• _Items from a data source_
-.-.-

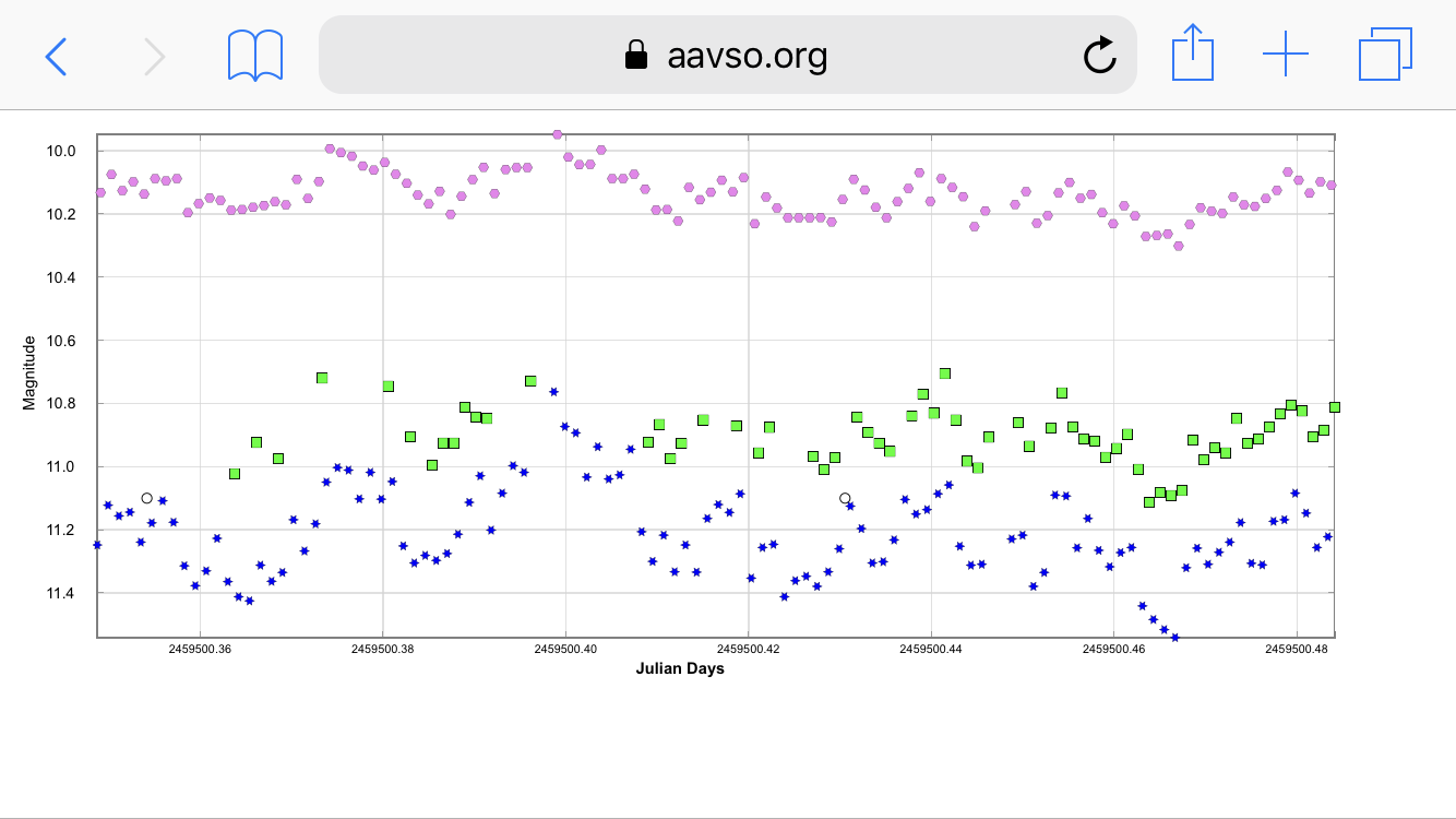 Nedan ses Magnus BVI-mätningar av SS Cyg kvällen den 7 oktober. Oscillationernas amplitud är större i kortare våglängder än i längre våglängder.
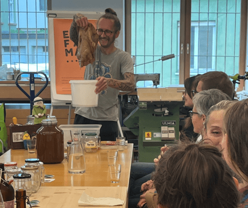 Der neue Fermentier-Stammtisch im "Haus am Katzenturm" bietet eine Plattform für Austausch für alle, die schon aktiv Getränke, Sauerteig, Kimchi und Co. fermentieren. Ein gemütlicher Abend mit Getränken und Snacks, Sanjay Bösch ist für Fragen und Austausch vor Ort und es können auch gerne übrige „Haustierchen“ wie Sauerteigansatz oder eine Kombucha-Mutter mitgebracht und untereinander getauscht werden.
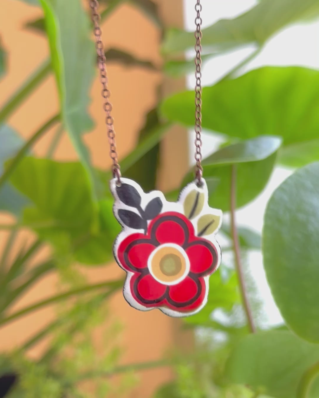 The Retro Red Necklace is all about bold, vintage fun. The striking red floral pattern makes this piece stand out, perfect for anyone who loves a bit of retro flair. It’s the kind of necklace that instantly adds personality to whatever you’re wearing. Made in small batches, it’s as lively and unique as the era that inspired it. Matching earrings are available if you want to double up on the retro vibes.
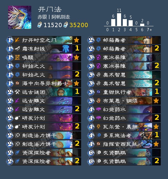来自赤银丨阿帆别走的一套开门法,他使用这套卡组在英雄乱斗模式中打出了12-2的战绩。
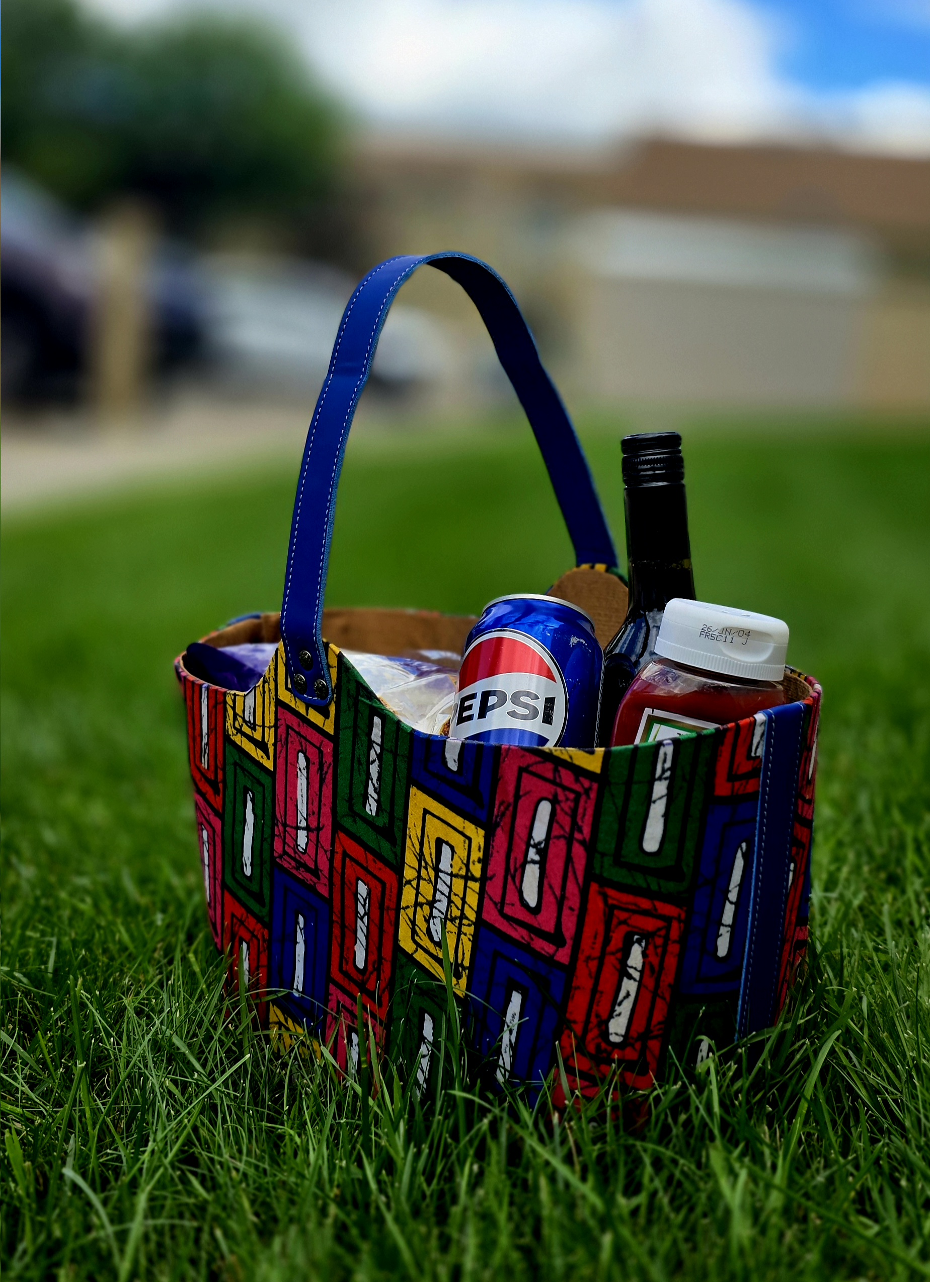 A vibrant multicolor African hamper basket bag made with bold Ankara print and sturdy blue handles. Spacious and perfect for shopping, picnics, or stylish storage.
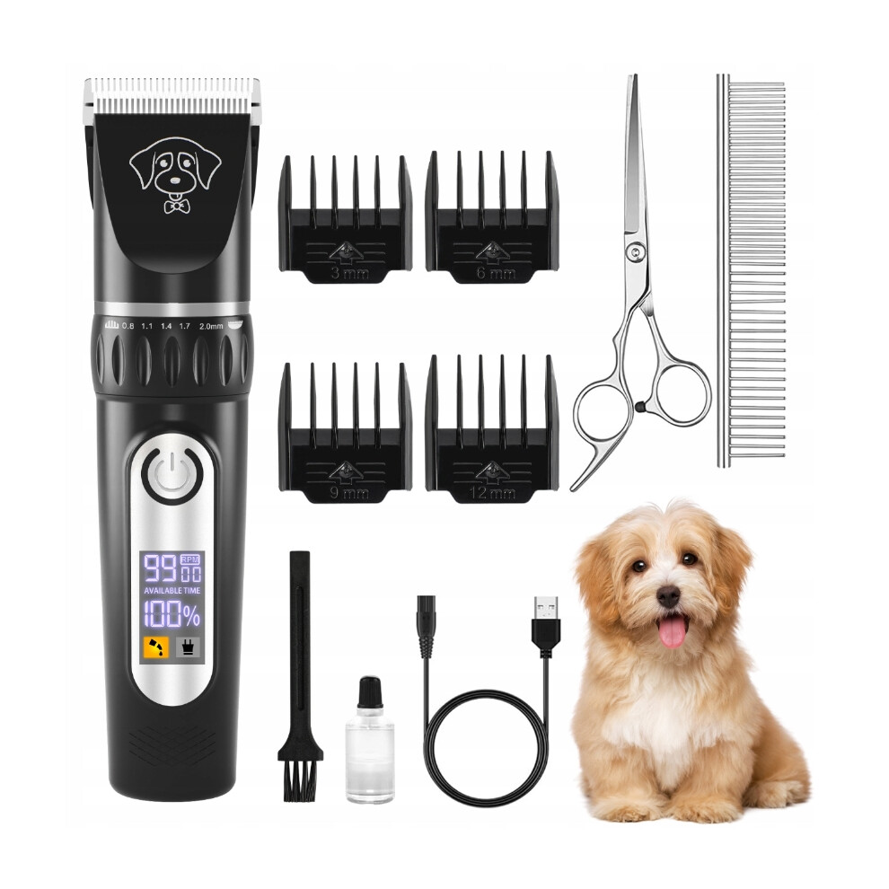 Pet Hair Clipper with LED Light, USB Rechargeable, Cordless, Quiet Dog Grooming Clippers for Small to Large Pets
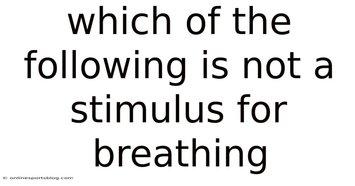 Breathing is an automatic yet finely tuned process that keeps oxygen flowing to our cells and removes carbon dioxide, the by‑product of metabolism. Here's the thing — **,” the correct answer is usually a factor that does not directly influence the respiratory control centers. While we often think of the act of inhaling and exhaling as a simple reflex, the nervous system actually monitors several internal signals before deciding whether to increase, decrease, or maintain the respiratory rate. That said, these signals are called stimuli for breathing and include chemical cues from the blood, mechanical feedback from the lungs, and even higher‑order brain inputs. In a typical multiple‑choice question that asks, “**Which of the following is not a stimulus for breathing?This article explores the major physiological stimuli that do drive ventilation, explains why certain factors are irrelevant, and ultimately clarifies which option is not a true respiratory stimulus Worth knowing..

-.-.-

• _Task to carry out_
Exact repetition is the task: every line from the start of the data to the line with "来自赤银丨阿帆别走的一套开门", inclusive, and none after it, pictures omitted.

• _Written reply_
 Nedan ses Magnus BVI-mätningar av SS Cyg kvällen den 7 oktober. Oscillationernas amplitud är större i kortare våglängder än i längre våglängder.
 Der neue Fermentier-Stammtisch im "Haus am Katzenturm" bietet eine Plattform für Austausch für alle, die schon aktiv Getränke, Sauerteig, Kimchi und Co. fermentieren. Ein gemütlicher Abend mit Getränken und Snacks, Sanjay Bösch ist für Fragen und Austausch vor Ort und es können auch gerne übrige „Haustierchen“ wie Sauerteigansatz oder eine Kombucha-Mutter mitgebracht und untereinander getauscht werden.
 The Retro Red Necklace is all about bold, vintage fun. The striking red floral pattern makes this piece stand out, perfect for anyone who loves a bit of retro flair. It’s the kind of necklace that instantly adds personality to whatever you’re wearing. Made in small batches, it’s as lively and unique as the era that inspired it. Matching earrings are available if you want to double up on the retro vibes.
来自赤银丨阿帆别走的一套开门法,他使用这套卡组在英雄乱斗模式中打出了12-2的战绩。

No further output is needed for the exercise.